L’anno scorso, Bourne ha fatto parte di un imbarazzo di ricchezze di canottaggio al Peterhouse College. A May Bumps, i primati maschili del college furono etichettati come “la barca blu”, vantando una medaglia d’oro olimpica nel posto di corsa e altri cinque Blues per buona misura. È stata una fusione casuale di talenti o c’è qualcosa di particolarmente affascinante in Peterhouse? “I primi due ad andare lì sono stati i miei amici Tom George e Ollie Wynne-Griffith e l’hanno adorato. Essere nella business school, è anche molto vicino a quello. Quindi noi tre che provenivamo dal team (GB) – Tom Ford, James Robson e io – che siamo amici di Tom (George) e Ollie (Wynne Griffiths) siamo finiti tutti a Peterhouse”, rivela Bourne.

“So che a Peterhouse piace avere rematori, e quando sei un laureato non è che Peterhouse possa offrirti un posto all’università, perché non è la stessa cosa che per uno studente universitario ottenere un posto al college. Quando poi fai domanda per il tuo college, Peterhouse è molto accogliente. È un po’ come il reclutamento per l’Università (Boat Club), quando hai persone che conoscono altre persone e ti chiedono dove dovremmo andare, e qualcuno dice ‘Peterhouse è fantastico’ è un po’ come – oh, andremo tutti anche noi a Peterhouse.”

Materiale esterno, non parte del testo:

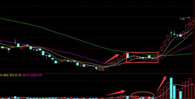 在随后的几个交易日,你会看到有资金参与进来了,K线连续9天收阳,股价缓慢抬升。成交量更为明显,跟椭圆形的量能对比一下,发现量能已经放出数倍了,甚至比前一段时间的量都大,明显显现出来止跌企稳的信号。
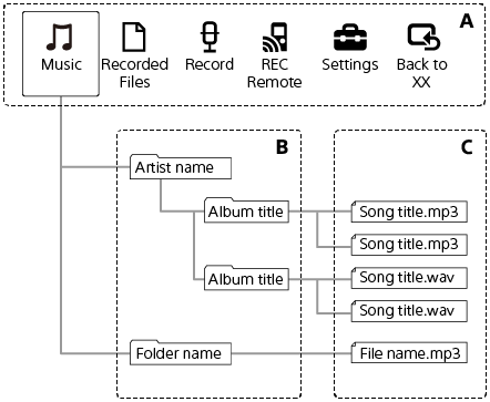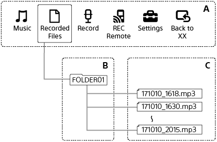 Segue-se a ilustração da estrutura de pastas e ficheiros que pode ver no gravador de IC.

Come ammette francamente Bourne, l’impareggiabile arsenale di rematori di Peterhouse “ha finito per essere un po’ controverso a May Bumps”. Pronto ad entrare in empatia, il campione del mondo apprezza il fatto che “c’erano molti club (college) che pensavano, oh, questo non è grandioso. Penso che queste cose vanno e vengono a ondate, e spero che non cambino le regole dei Bumps solo perché i bravi vogatori finiscono in un college. Spero che si possa trovare un modo che non sia offensivo per le persone, e forse le persone potrebbero sedersi lì e dire ‘oh, siamo appena stati urtati da Tom Ford, il campione olimpico’. Ma posso vederlo da entrambi i lati”.

Nel 2024, i giorni di canottaggio di Bourne avrebbero potuto essere finiti in acqua. “Penso che se fossi andato alle Olimpiadi (di Parigi), mi sarei ritirato lì perché non mi divertivo molto in squadra e non lo ero da un paio d’anni”, confessa. Facciamo un salto al 2025 e il laureato di Cambridge ora ha una fiamma a forma di Los Angeles che arde dentro di lui: “Dopo aver vinto l’oro quest’anno (ai Campionati del mondo), all’improvviso mi ritrovo a pensare ‘non sarebbe fantastico vincere le Olimpiadi a Los Angeles? ‘. Mentre dopo aver perso Parigi, ero seduto lì a pensare ‘se riuscissi a partecipare alle Olimpiadi, sarebbe la sensazione più bella di sempre’. È divertente come poi ottieni un risultato e pensi: e se potessimo vincere tutto?” cosa?”